Liver tryptophan 2,3-dioxygenase (TDO) activity was present only as a holoenzyme and was higher in the controls than in the hyperlipidemic and Watanabe rabbits, but no difference was present between the group fed an atherogenic hyperlipidic diet and the WHHL rabbits. Small intestine indole 2,3-dioxygenase (IDO) did not vary significantly among the three groups but was higher in comparison with liver TDO activity. In liver, kynurenine 3-monooxygenase and kynurenine-oxoglutarate transaminase activities did not show any significant difference among the three groups of rabbits. Kynureninase and 3-hydroxyanthranilate 3,4-dioxygenase activities per g of fresh tissue decreased significantly in the group of hyperlipidemic and in WHHL rabbits. In the kidneys, kynurenine 3-monooxygenase and kynureninase activity did not change significantly in the three groups of rabbits; kynurenine-oxoglutarate transaminase activity per g of fresh tissue decreased in both hyperlipidemic groups, but no significant difference was observed between hyperlipidemic and Watanabe rabbits. 3-Hydroxyanthranilate 3,4-dioxygenase activity in kidney was decreased markedly in hyperlipidemic and Watanabe rabbits, but there was no difference between the two hypercholesterolemic groups. Aminocarboxymuconate-semialdehyde decarboxylase activity did not change. Thus 3-hydroxyanthranilate 3,4-dioxygenase may be an important regulatory mechanism in the control of the flow of tryptophan along the kynurenine pathway to NAD in hypercholesterolemic rabbits.

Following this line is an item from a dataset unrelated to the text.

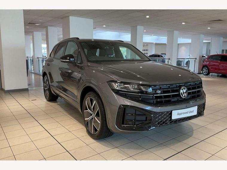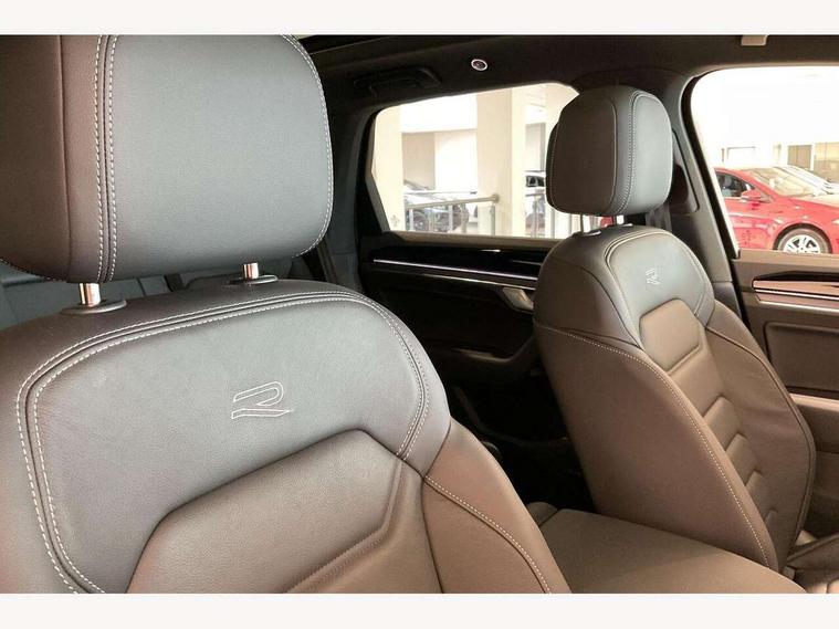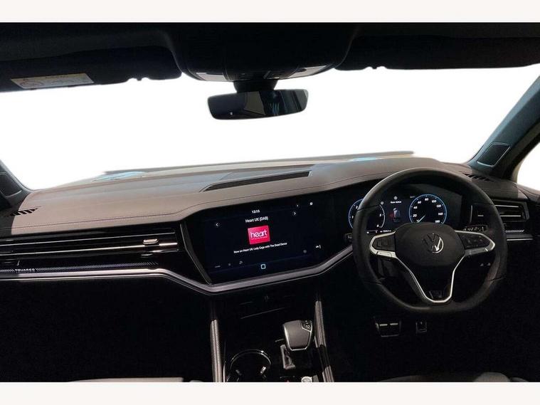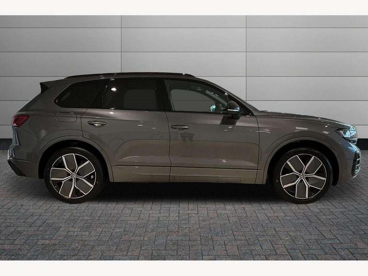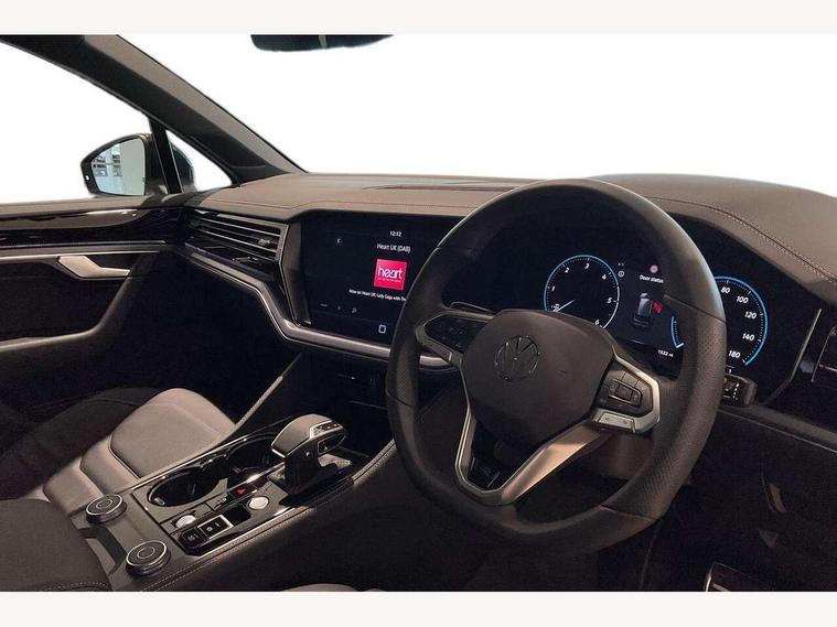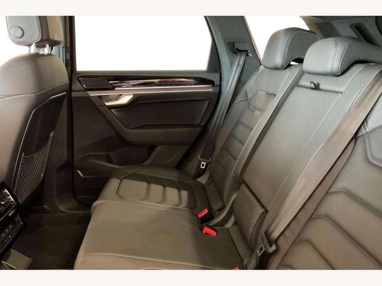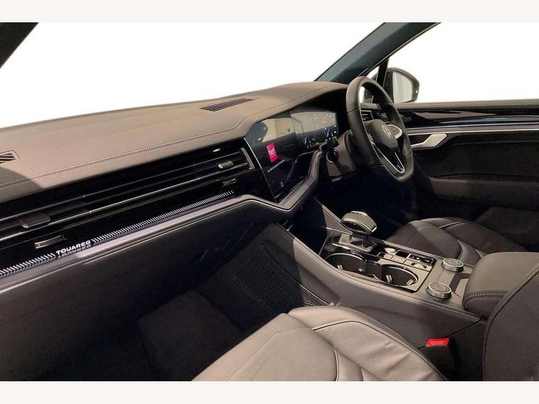 15" Screen Top infotainment system Premium (MIB3), Adaptive cruise control, Advanced driver attention and drowsiness monitor, Driver profile selection, Dynamic road sign display, E-Sim card for online connectivity, eCall emergency system, Innovision cockpit, Intelligent park assist, Mobile phone interface with inductive charging, Multi-colour Active Info display, Park Assist - Sensor controlled steering aid to assist parallel or bay parking, PAS, Warning signal and warning light for front and rear seatbelts not fastened, Wireless app connect, Adaptive chassis control, DAB Digital radio, Diversity antenna for AM/ FM reception, We Connect and We Connect Plus functionality, Automatic coming/leaving home lighting function, Automatic headlights, Black door mirrors, Black style comfort bumpers, Dynamic headlight range control with dynamic cornering light, Electric front tilt/slide panoramic sunroof and fixed rear sunroof, Electrically power adjustable, heated, folding, auto dimming, front passenger exterior door mirror lowering function, External USB type C socket and charging sockets, Gloss black roof rails, HD LED Matrix beam plus digital headlight projection with variable light distribution, Headlight washers, Highway light, LED 3rd brake light, LED daytime running lights, LED rear combination lamp with variable lighting functions and special styling, Poor weather light, Rain sensor, Rear exhaust tailpipe, Rear fog light with back up light on both sides, Rear light bar and illuminated logo, Rear side wing doors, Rear wiper, Stainless steel door sill protection, 12V socket in centre console, 3 rear headrests, 3 seat bench in 2nd row, 4 zone climate control, Airbag label on sun visor and B-pillar, Brushed stainless steel pedals, Double sun visors with illuminated vanity mirrors, Front + rear carpet mats, Front centre armrest, Leather wrapped multifunction sports steering wheel, heated, with touch control and shift paddles, Mechanical rear seat release, Power adjustable lumbar support in front, Power seats in front, right side with memory features and seat cushion depth adjustment, Rear seat backrest and split folding with center armrest, Single front passenger seat, Memory pack plus - Touareg, 3 point seatbelts, outer rear with ECE lable, ABS, Child locks on rear doors, Curtain airbags, Driver and front passenger safety-optimised head restraints, Driver/Front Passenger airbags, Extended pedestrian protection measures, Front assist, Front seat side impact airbags, Generative braking with start and stop system, Height adjustable 3 point front seatbelts with pre tensioners, Passenger airbag deactivate switch, Three 3 point rear seatbelts, Two tone horn, Tyre pressure loss indicator, Warning triangle and first aid kit, Alarm system with interior protection, Easy open and close sensor controlled luggage compartment opening and closing with remote unlocking, Keyless Access Keyless locking and starting system with SAFELOCK, Aluminium decorative inserts, Black decorative trims, Gloss black decorative inserts in centre console, Tool kit,

This study first demonstrates that in rabbits, hypercholesterolemia, both diet- or genetically induced, can influence the enzyme activities of the tryptophan-nicotinic acid pathway leading to a decreased formation of nicotinic acid, and thus NAD.
烟酸在高胆固醇血症中的作用一直未被充分了解。在人体中,烟酸大部分沿色氨酸-烟酸途径(也称为犬尿氨酸途径)由色氨酸生成,犬尿氨酸是此过程中的关键代谢产物。在本文中,我们研究了在高胆固醇血症动物中,色氨酸沿犬尿氨酸途径向烟酸的降解是否受到干扰。
测定了正常血脂、饮食诱导的高脂血症新西兰兔以及遗传性高胆固醇血症渡边(WHHL)兔色氨酸-烟酸途径的肝脏、肾脏和肠道酶活性。
肝脏色氨酸2,3-双加氧酶(TDO)仅以全酶形式存在,其活性在对照组中高于高脂血症兔和渡边兔,但致动脉粥样硬化高脂饮食组与WHHL兔之间无差异。小肠吲哚2,3-双加氧酶(IDO)在三组中无显著差异,但与肝脏TDO活性相比更高。在肝脏中,犬尿氨酸3-单加氧酶和犬尿氨酸-氧代戊二酸转氨酶活性在三组兔中均无显著差异。每克新鲜组织中的犬尿氨酸酶和3-羟基邻氨基苯甲酸3,4-双加氧酶活性在高脂血症组和WHHL兔中显著降低。在肾脏中,犬尿氨酸3-单加氧酶和犬尿氨酸酶活性在三组兔中无显著变化;每克新鲜组织中的犬尿氨酸-氧代戊二酸转氨酶活性在两个高脂血症组中均降低,但高脂血症兔与渡边兔之间无显著差异。高脂血症兔和渡边兔肾脏中的3-羟基邻氨基苯甲酸3,4-双加氧酶活性显著降低,但两个高胆固醇血症组之间无差异。氨基羧基粘康酸-半醛脱羧酶活性无变化。因此,3-羟基邻氨基苯甲酸3,4-双加氧酶可能是高胆固醇血症兔中控制色氨酸沿犬尿氨酸途径向烟酰胺腺嘌呤二核苷酸(NAD)流动的重要调节机制。
本研究首次证明,在兔中,饮食诱导或遗传诱导的高胆固醇血症均可影响色氨酸-烟酸途径的酶活性,导致烟酸生成减少,进而使NAD生成减少。